1

I've got an issue which caused me quite a bit of a headache and found the solution, but I cannot understand why the problem was happening in the first place.

I've got an nginx reverse proxy which is routing requests to 1 of 3 servers. All are node servers, two of them are express and one is a custom built one.
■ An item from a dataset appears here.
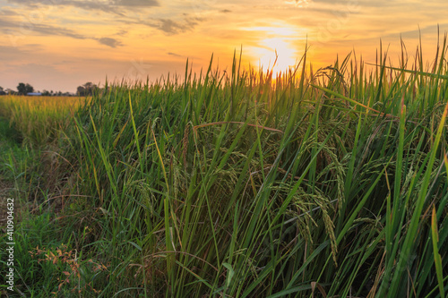 © NARONG, Fototapeta premium Rice fields and sunset sky view
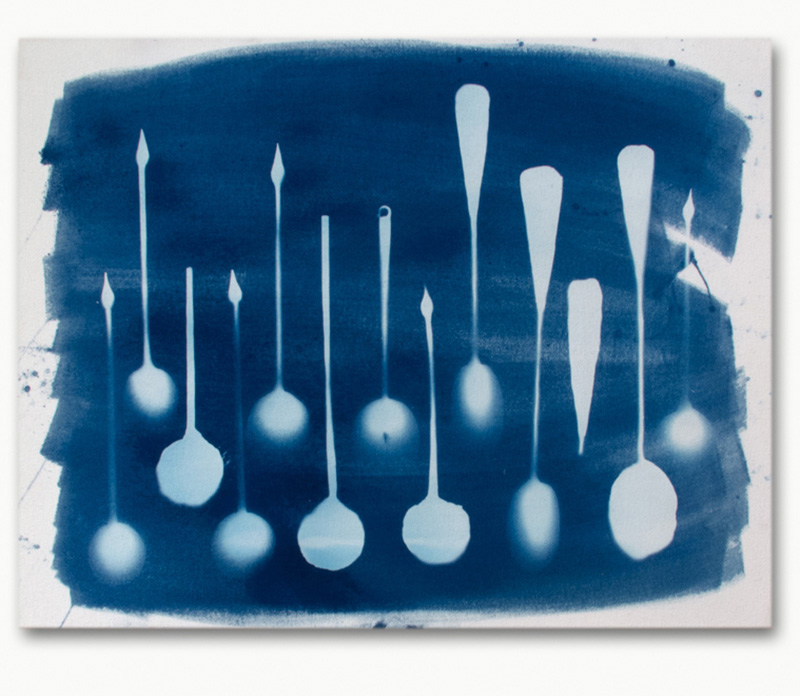 The aroma lingered and held onto the inside of the bottle as long as it could. Eventually it would detach the scent fulfilling its ephemeral fate, while the ornamental glass receptacle endured. The reflective label triggers that particular scent, as would the shadow cast on the wall when the light would meet the bottle’s profile in the late afternoon. Gabriele Beveridge collects faded hair salon posters and beauty shop ads. She seeks out doubles, skewing or cropping these found images that are paired with photograms and adorned with artist made frames, hand blown glass elements and crystal balls to explore tropes of eternity, ephemera, beauty, and mystique. Andy Coolquitt is a quintessential collector of refuse, consistently repurposing the dirty everyday into display patterns and vitrines. Here, Coolquitt’s vitrines present washed up deodorant sticks, their surfaces, naturally roughened by the passage of time, appear as if cast in stone or marble. These indexes of irredeemable materials are, ironically, now (and forever), re-categorised as art. In Owen Kydd’s photographs, objects on display are endlessly looped to a nearly Lynchian effect of perpetual unease and fascination. Her positioning of the screen as art object also draws equivalence between his media and the things he pictures, between the constancy of photography and the dynamism of video. Kate Steciw suspends fractured and re-purposed stock imagery in her mobile-esque photographic sculptures. The seemingly random assemblages speak directly to the mass consumption and rapid digestion of images. Steciw halts this process, as she suspends the images in free fall. Moreover, new collaborative work with Anne Hall centers on the cyanotype, creating permanence in these imprints of simple objects.

The issue: when my firewall is up, the first request in the total uptime of the two express servers suffers a 504:Gateway Timeout. After that happens, the files are served quickly and without issue, even over the course of multiple days.

I was able to narrow the problem down to the firewall by noticing that the issue disappears when I bring down the firewall completely. My server is running FreeBSD, using PF as a firewall. Here is the relevant pf.conf:

iface = "vtnet0"
loopback = "lo0"
public_ip = "132.148.77.28/32"
localnet = "127.0.0.1"

nat on $iface from any to any -> $public_ip # added by cloud server provider
pass out quick on $iface proto { tcp udp } from port ntp keep state
block log all
pass in on $iface proto tcp from $localnet to port mail
pass in log on $iface proto tcp to $public_ip port { ssh http } keep state
pass in log on $loopback proto tcp to $localnet port { 5555 5556 5557 } keep state
pass out log all keep state

I understand that any traffic on the vtnet0 device will be translated to using the public-ip.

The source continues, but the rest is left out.